Print the data below again in full, exactly as it stands, with no images.

• [RECORDS SUPPLIED]:
"""

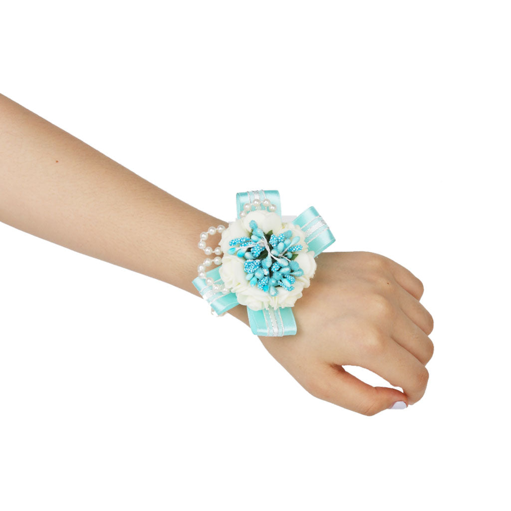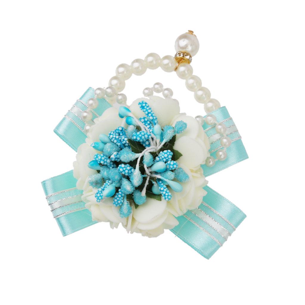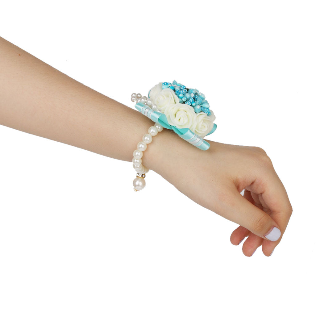 Wedding Bridal Bridemaid Pearl Blue Wrist Corsage Bracelet Hand Flower Decor
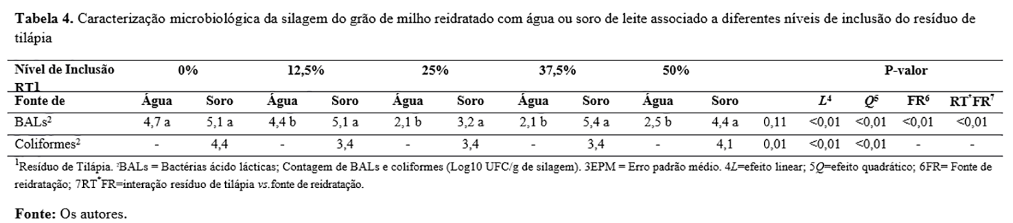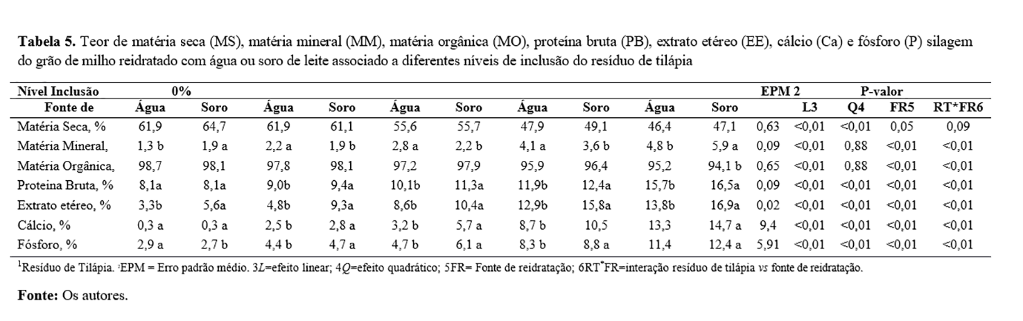 A silagem de grão de milho reidratado (com água ou soro de leite) associado ao resíduo de tilápia, devido às suas características, mostrou ser um produto com alto valor proteico e energético, bem como fonte de Ca e P com até 25% de inclusão do resíduo. Entretanto, o seu uso está condicionado às avaliações do melhor nível de inclusão na dieta para promover melhor desempenho dentro de uma categoria animal e fase fisiológica específica. É importante se atentar ao uso de soro de leite quanto à composição microbiológica, visto que seu uso possibilita alteração na qualidade da silagem.
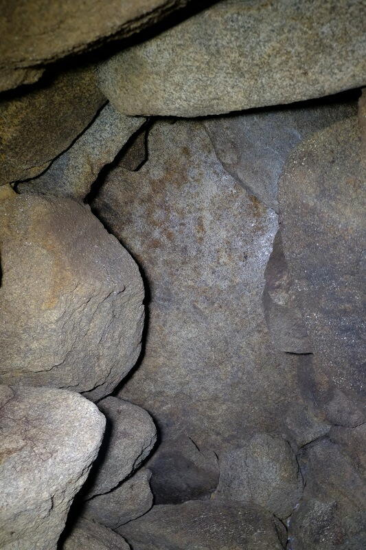 奥壁は下部に腰石を据え、上部に割石を積んでます。
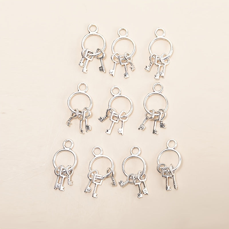10pcs Bunch Of Keys Silver Plated Pendants For Jewelry Making
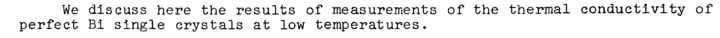 We discuss here the results of measurements of the thermal conductivity of perfect Bi single crystals at low temperatures.
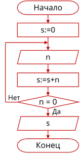 Составим блок-схему алгоритма решения этой задачи. Обозначим s – сумму чисел. В начале она должна быть равна 0. Присвоим ей это значение. Далее пользователь введёт с клавиатуры значение слагаемого, обозначим его n. После этого программа увеличит значение суммы на текущее слагаемое. Далее с помощью условного блока проверим, равно ли введённое слагаемое нулю. Если условие не выполняется, значит снова вернёмся к считыванию очередного слагаемого. Если же очередное слагаемое равно нулю, выведем на экран итоговое значение суммы. На этом программа завершит свою работу.
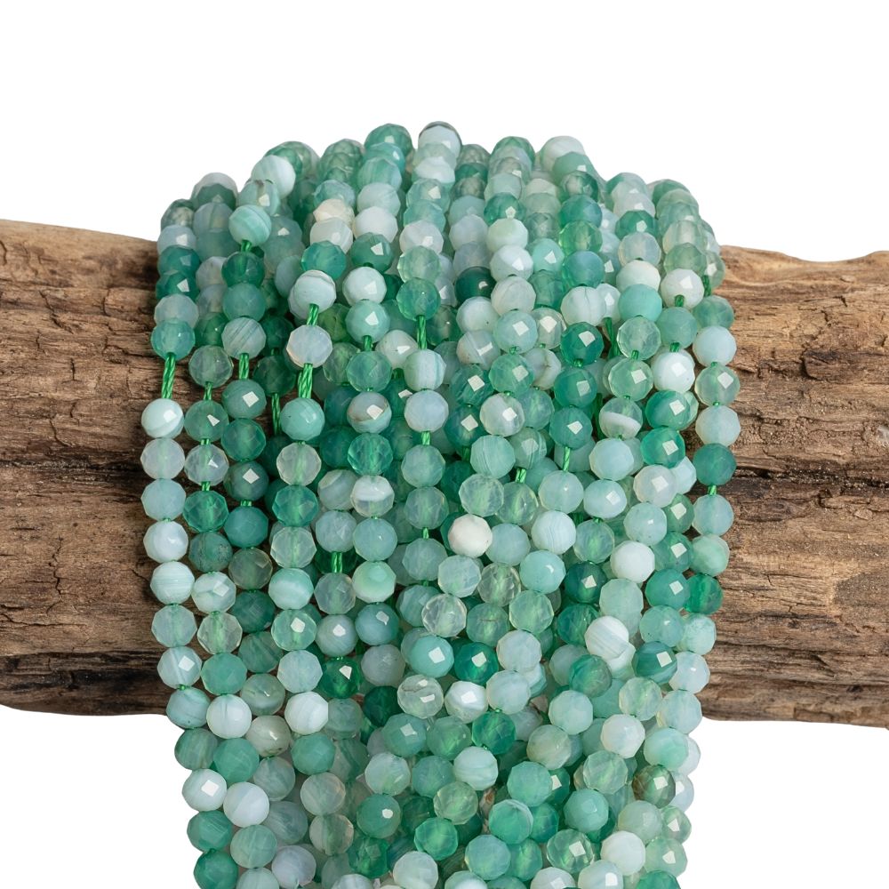 • Szalagos achát zöld gyöngyök 3 mm csiszolt zsinór
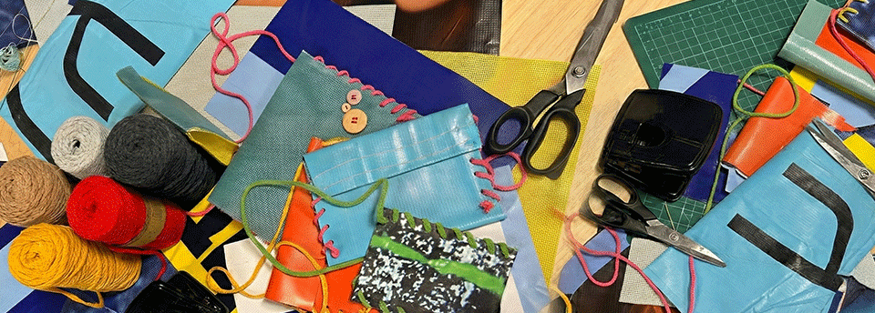 סדנת אקספרס בבית המלאכה החדש בנמל יפו – יוצרים תיק ייחודי משלט חוצות ממוחזר בעיצוב אישי. חוויה יצירתית, סביבתית וסטייליסטית שמתאימה לילדים, נוער ומבוגרים.
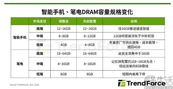 | | | | 智能手机、笔电DRAM容量规格变化 | | | --- | --- | --- | --- | --- | | | 市场定位 | 调整后 | 先前配置 | 说明 | | | 高端 | 12~16GB | 12~16GB | 往16GB推进速度放缓 | | 智能手机 | 中端 | 6~8GB | 6~12GB | 12GB将逐渐消失于中阶机型 | | | 低端 | 4GB | 4~8GB | 考量原厂可供应规格、成本极限, 張回4GB | | | 高端 | 16-64GB | 16-64GB | 出货主流集中于16GB | | 笔电 | 中端 | 8~16GB | 8~16GB | 记忆体配置仍以8~16GB为主, 但出货新向8GB靠拢 | | | 低端 | 8GB | 8GB | 短期内难再下修 | | | | | | F- Trand | 由于内存价格飙升,最近一段时间想要攒一台电脑的玩家迎来了至暗时刻。截至2025年第三季度末, DRAM内存颗粒的合约价同比涨幅已达171%,甚至超过了同期黄金的上涨幅度,堪称年度最佳理财产 品。 作为当下消费类电子产品最为常用的半导体存储器,内存涨价不仅是 ...
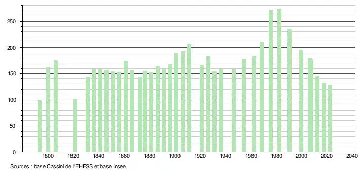 L'évolution du nombre d'habitants est connue à travers les recensements de la population effectués dans la commune depuis 1793. Pour les communes de moins de 10 000 habitants, une enquête de recensement portant sur toute la population est réalisée tous les cinq ans, les populations de référence des années intermédiaires étant quant à elles estimées par interpolation ou extrapolation[26]. Pour la commune, le premier recensement exhaustif entrant dans le cadre du nouveau dispositif a été réalisé en 2007[27].
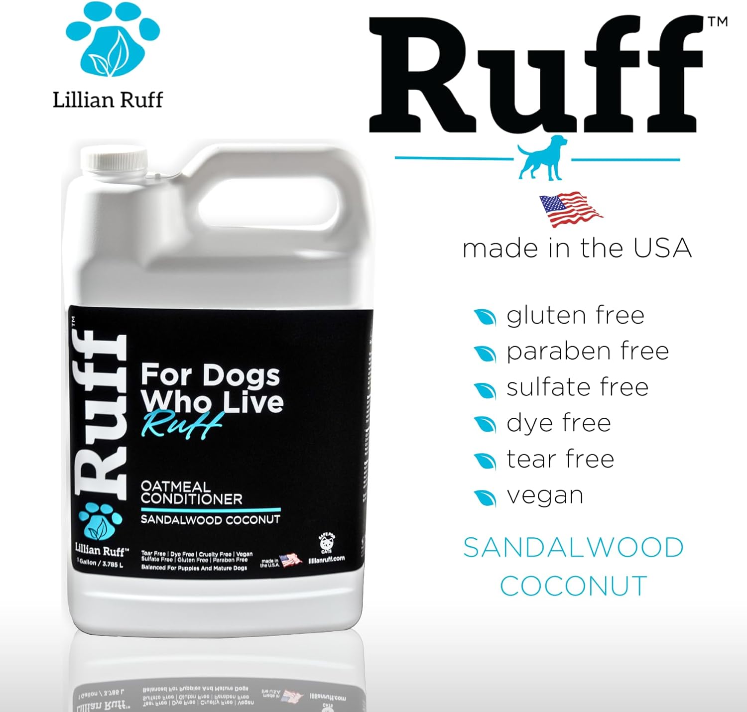 - Featuring Colloidal Oatmeal for soothing and moisturizing, Aloe Vera known for its healing properties, and Coconut Oil for deep hydration, RUFF Oatmeal Conditioner fortifies and protects your dog’s skin against future irritations. The natural, nourishing ingredients build up the skin’s resilience, reducing the likelihood of itching and flaking. This proactive approach makes our dog conditioner an essential part of your dog’s grooming routine.
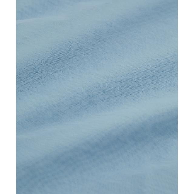Aラインでボクシーシルエットなので、ボトムスはIラインのものがスタイルアップでおすすめ。ワイドパンツやスカートもIラインシルエットであればボリューム感のあるアイテムを持ってきてもかわいいです。ふんわりエアリーなデザインなのでボトムスにはカジュアルなワイドパンツがおしゃれです

"""

• [TASK OUTPUT]:
 Wedding Bridal Bridemaid Pearl Blue Wrist Corsage Bracelet Hand Flower Decor
 A silagem de grão de milho reidratado (com água ou soro de leite) associado ao resíduo de tilápia, devido às suas características, mostrou ser um produto com alto valor proteico e energético, bem como fonte de Ca e P com até 25% de inclusão do resíduo. Entretanto, o seu uso está condicionado às avaliações do melhor nível de inclusão na dieta para promover melhor desempenho dentro de uma categoria animal e fase fisiológica específica. É importante se atentar ao uso de soro de leite quanto à composição microbiológica, visto que seu uso possibilita alteração na qualidade da silagem.
 奥壁は下部に腰石を据え、上部に割石を積んでます。
10pcs Bunch Of Keys Silver Plated Pendants For Jewelry Making
 We discuss here the results of measurements of the thermal conductivity of perfect Bi single crystals at low temperatures.
 Составим блок-схему алгоритма решения этой задачи. Обозначим s – сумму чисел. В начале она должна быть равна 0. Присвоим ей это значение. Далее пользователь введёт с клавиатуры значение слагаемого, обозначим его n. После этого программа увеличит значение суммы на текущее слагаемое. Далее с помощью условного блока проверим, равно ли введённое слагаемое нулю. Если условие не выполняется, значит снова вернёмся к считыванию очередного слагаемого. Если же очередное слагаемое равно нулю, выведем на экран итоговое значение суммы. На этом программа завершит свою работу.
 • Szalagos achát zöld gyöngyök 3 mm csiszolt zsinór
 סדנת אקספרס בבית המלאכה החדש בנמל יפו – יוצרים תיק ייחודי משלט חוצות ממוחזר בעיצוב אישי. חוויה יצירתית, סביבתית וסטייליסטית שמתאימה לילדים, נוער ומבוגרים.
 | | | | 智能手机、笔电DRAM容量规格变化 | | | --- | --- | --- | --- | --- | | | 市场定位 | 调整后 | 先前配置 | 说明 | | | 高端 | 12~16GB | 12~16GB | 往16GB推进速度放缓 | | 智能手机 | 中端 | 6~8GB | 6~12GB | 12GB将逐渐消失于中阶机型 | | | 低端 | 4GB | 4~8GB | 考量原厂可供应规格、成本极限, 張回4GB | | | 高端 | 16-64GB | 16-64GB | 出货主流集中于16GB | | 笔电 | 中端 | 8~16GB | 8~16GB | 记忆体配置仍以8~16GB为主, 但出货新向8GB靠拢 | | | 低端 | 8GB | 8GB | 短期内难再下修 | | | | | | F- Trand | 由于内存价格飙升,最近一段时间想要攒一台电脑的玩家迎来了至暗时刻。截至2025年第三季度末, DRAM内存颗粒的合约价同比涨幅已达171%,甚至超过了同期黄金的上涨幅度,堪称年度最佳理财产 品。 作为当下消费类电子产品最为常用的半导体存储器,内存涨价不仅是 ...
 L'évolution du nombre d'habitants est connue à travers les recensements de la population effectués dans la commune depuis 1793. Pour les communes de moins de 10 000 habitants, une enquête de recensement portant sur toute la population est réalisée tous les cinq ans, les populations de référence des années intermédiaires étant quant à elles estimées par interpolation ou extrapolation[26]. Pour la commune, le premier recensement exhaustif entrant dans le cadre du nouveau dispositif a été réalisé en 2007[27].
 - Featuring Colloidal Oatmeal for soothing and moisturizing, Aloe Vera known for its healing properties, and Coconut Oil for deep hydration, RUFF Oatmeal Conditioner fortifies and protects your dog’s skin against future irritations. The natural, nourishing ingredients build up the skin’s resilience, reducing the likelihood of itching and flaking. This proactive approach makes our dog conditioner an essential part of your dog’s grooming routine.
Aラインでボクシーシルエットなので、ボトムスはIラインのものがスタイルアップでおすすめ。ワイドパンツやスカートもIラインシルエットであればボリューム感のあるアイテムを持ってきてもかわいいです。ふんわりエアリーなデザインなのでボトムスにはカジュアルなワイドパンツがおしゃれです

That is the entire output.